Queensland University of Technology, Australia

This brief editorial focuses on the contribution in this volume titled ‘Machines Will Never Replace Humans!’ compiled by GPT-3. The brief text is provocative. It is provocative in demonstrating the potential efficiencies and complexities of machine-produced natural language text for ‘writing’ professions like law and the academy. It is further provocative as it reflects back the image and representation of the human within the digital. There is a denotive suggestion that humans are valuable and significant as lawyers because they possess intuition.

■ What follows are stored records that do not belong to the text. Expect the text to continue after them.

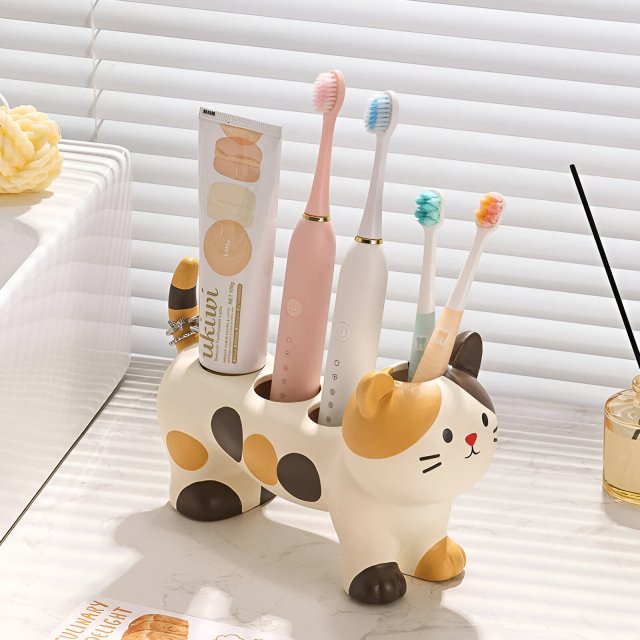 Unlike ordinary plastic holders, this ceramic stand is not only functional but also a statement piece that transforms your countertop into a charming scene. The handcrafted feel and whimsical design make it stand out, turning a simple routine into a small daily delight. Make your bathroom beautiful—and your mornings brighter—with this irresistible cat-themed toothbrush holder.
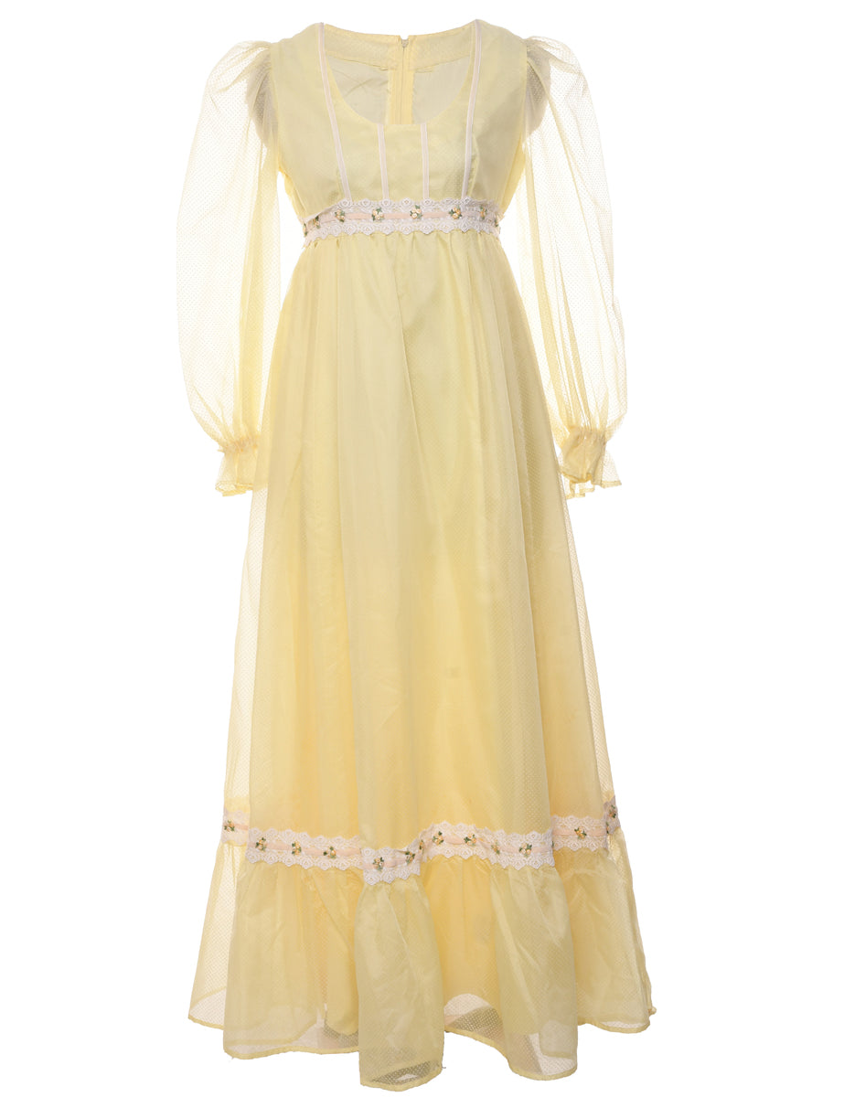 1970s Pale Yellow Prairie Style Maxi Dress - S
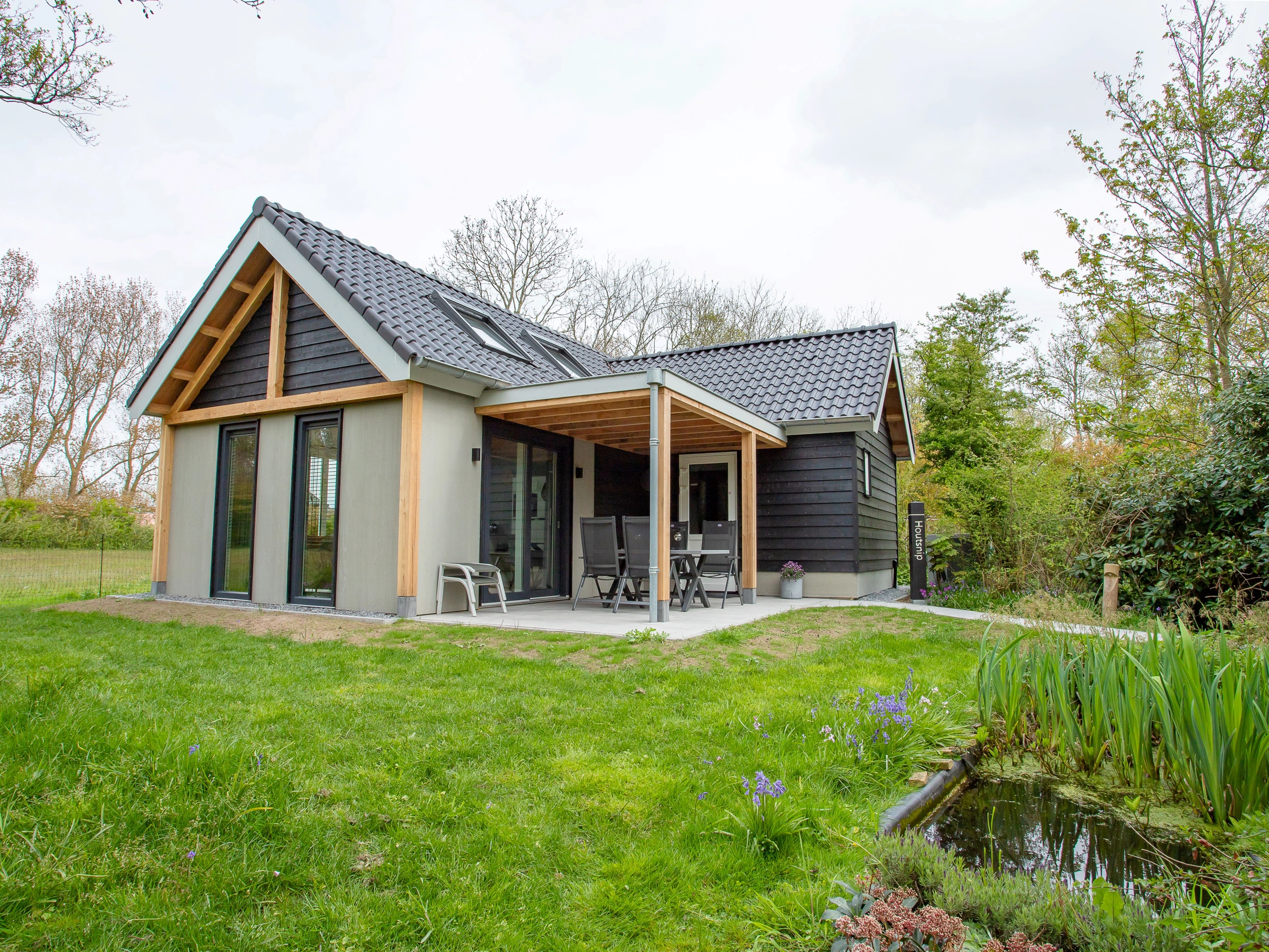 De Houtsnip is volledig CO2 neutraal vakantiehuisje voorzien van warmtepomp en zonnepanelen. Het tweepersoons huisje staat op een unieke locatie. De Houtsnip is voorzien van een ruime woonkamer. De keuken is voorzien van alle moderne gemakken en in de luxe badkamer kun je gebruik maken van een inloopdouche. De slaapkamer is voorzien van een Kingsize boxspringbed van topkwaliteit met Texeler-dekbedden. Het huisje heeft een overdekt terras en je kunt gebruik maken van de grote tuin met vijver.

There is a further suggestion that humans, or more precisely the imprint of humans in the digital, are televisual consumers of dated sitcoms, revealing the disconnect between existent digital archives and the totality of humanity.

Text by Robot

This issue of Law, Technology and Humans contains a commentary produced by the artificial intelligence (AI) system GPT-3. A project undertaken by Benjamin Alarie and Arthur Cockfield, it is, as far as we can identify, the first law review contribution drafted by an AI.

GPT-3 is developed by OpenAI and is the most familiar of the current generation of natural language processing AIs.[1] The technicalities of GPT-3 are summarised by Alarie and Cockfield in their exegesis. The significance of GPT-3 is that it produces high-quality natural language text in response to a text seed. For the contribution in this issue, the seed text related to why AI will never be able to replace human lawyers. This means that the first AI law review contribution presents the argument that humans have ineffable qualities—empathy, institution—that machines will never possess.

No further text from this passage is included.